____ Given information

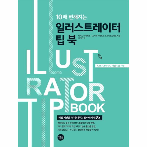 일러스트레이터 최신 버전인 CC가 출시되었지만, 아직까지도 현장에서는 이전 버전을 사용하는 곳이 많습니다. 이런 분들을 위해 이 책은 구 버전에서도 사용할 수 있는 팁들로 구성하였습니다. 간혹 최신 버전에서만 다룰 수 있는 기능들이 있는데요. 각 타이틀 번호 아래에 해당 기능을 사용할 수 있는 버전을 표기해두었으므로 참고해서 보면 좋을 것 같습니다.
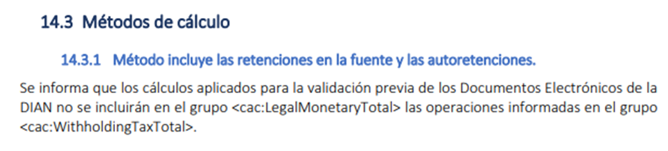 Los métodos de cálculo se encuentran en el Anexo Técnico de Documentos Soporte ante la DIAN, sección 14.3, específicamente en el apartado 14.3.1.
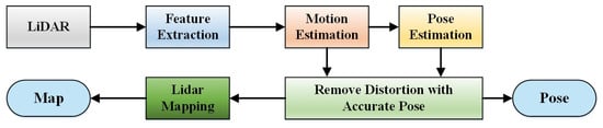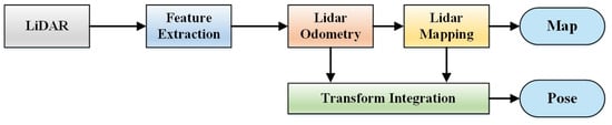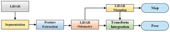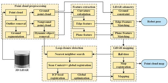 The LeGO-LOAM-LPB algorithm proposed in this study comprises five modules: ground point cloud preprocessing, feature extraction, LiDAR odometry, LiDAR map construction, and loop closure detection. The overall system framework is illustrated in Figure 5. The specific steps are as follows:
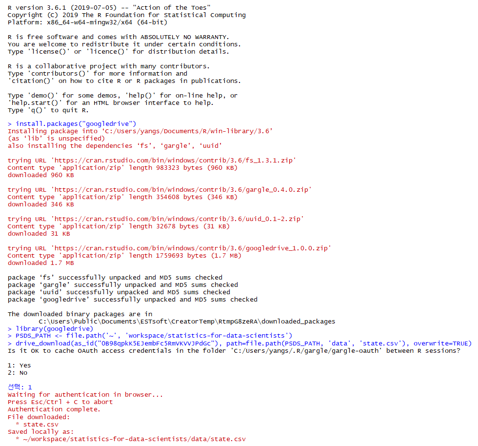 위의 코드에서 보듯이 install.packages("googledrive") 라는 코드로 라이브러리의 설치가 가능합니다.
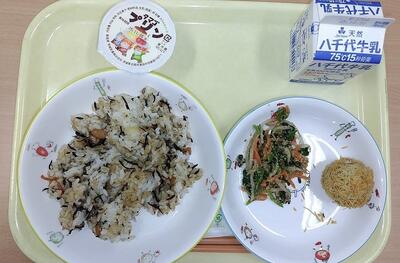 牛乳 豚そぼろひじきご飯 いがぐり揚げ ごま和え たまごプリン
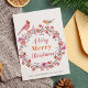 Traditionellt inspirerat rustiskt familje- eller affärs-julkort med söt rödbrug, lila, rosa och orange, krans med vall och två fåglar - kardinal och rån - och ett modernt typografiskt skript för contemporary "A Väldigt God jul". ++++++++++ Anpassa den med tre linjer önskemål och ditt namn! ++++++++++ Du kan lägga till handskriven personlig text och namnteckning på motsatsen.
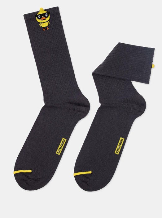 Удлиненные носки в рубчик с объемным вывязанным рисунком и декоративным пикотом станут оригинальным акцентом в повседневном, спортивном или домашнем образе.
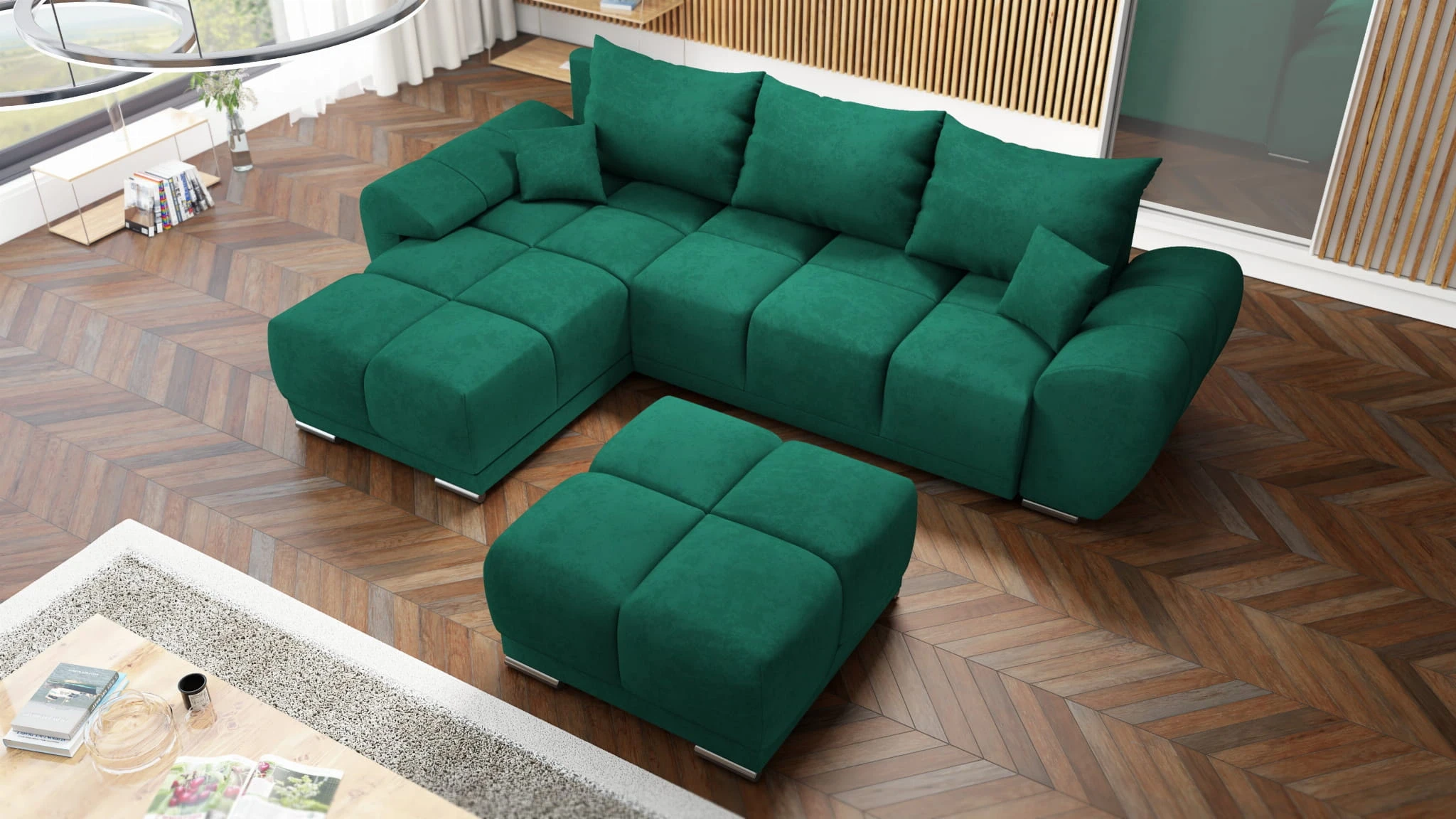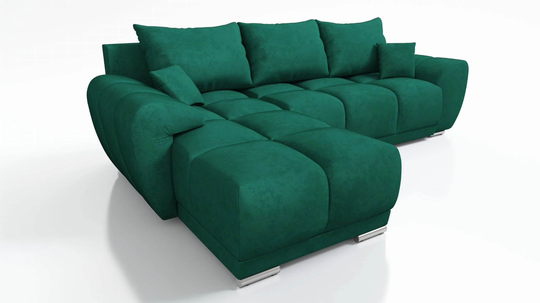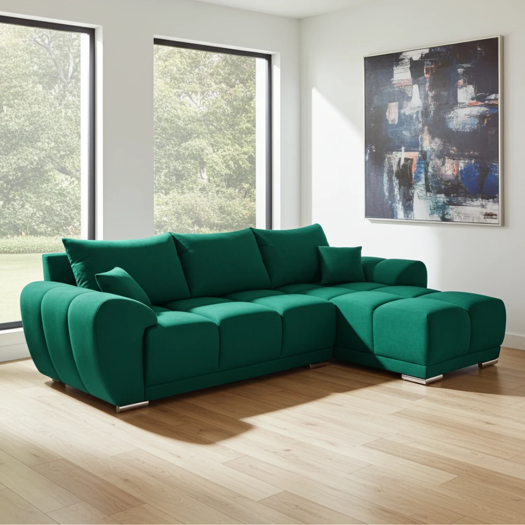 Zielony pikowany narożnik honey l z funkcja spania + pojemnik na pościel
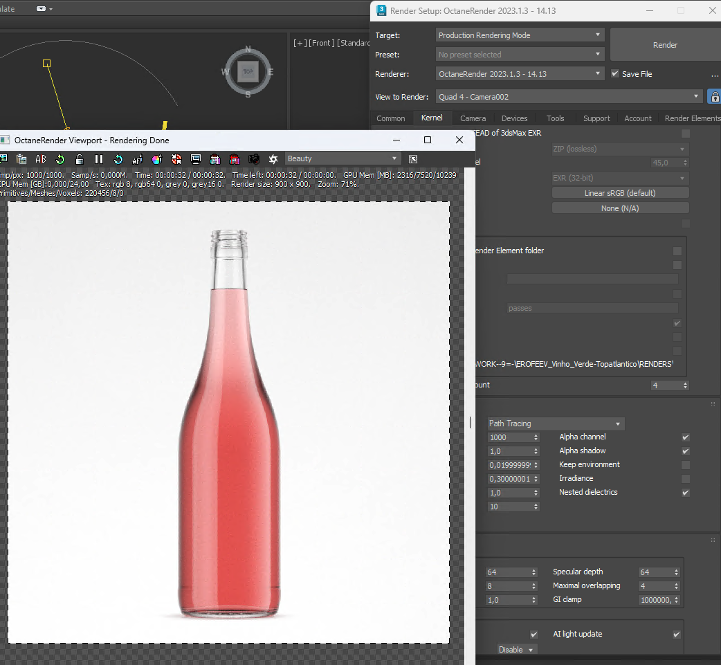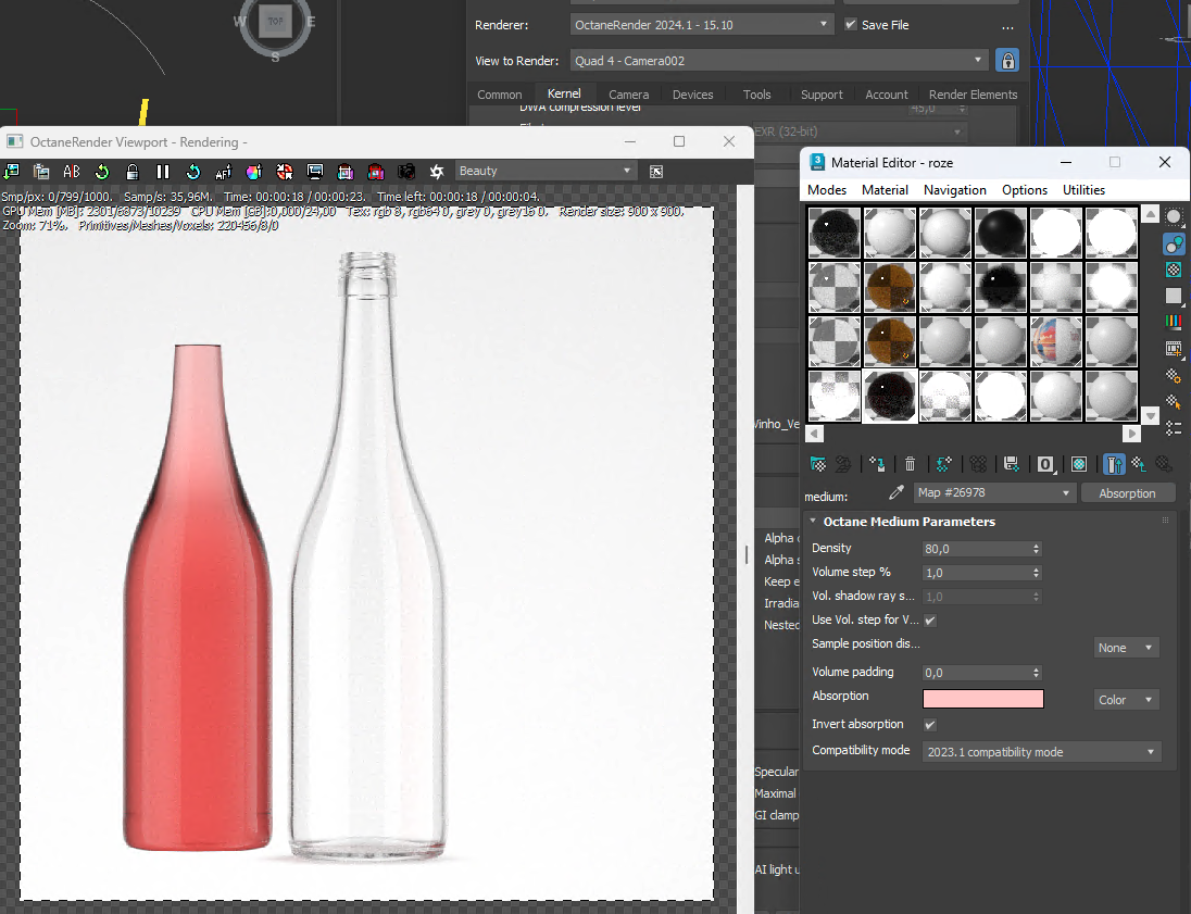 Octane 2024.1.0: Octane 2024.1.0 - same object outside glass:

________

What is needed ▸
Word for word, write out each line from the one with "Zielony pikowany narożnik" through the end of the entries above, and omit any pictures.

Expected output ▸
 Zielony pikowany narożnik honey l z funkcja spania + pojemnik na pościel
 Octane 2024.1.0: Octane 2024.1.0 - same object outside glass:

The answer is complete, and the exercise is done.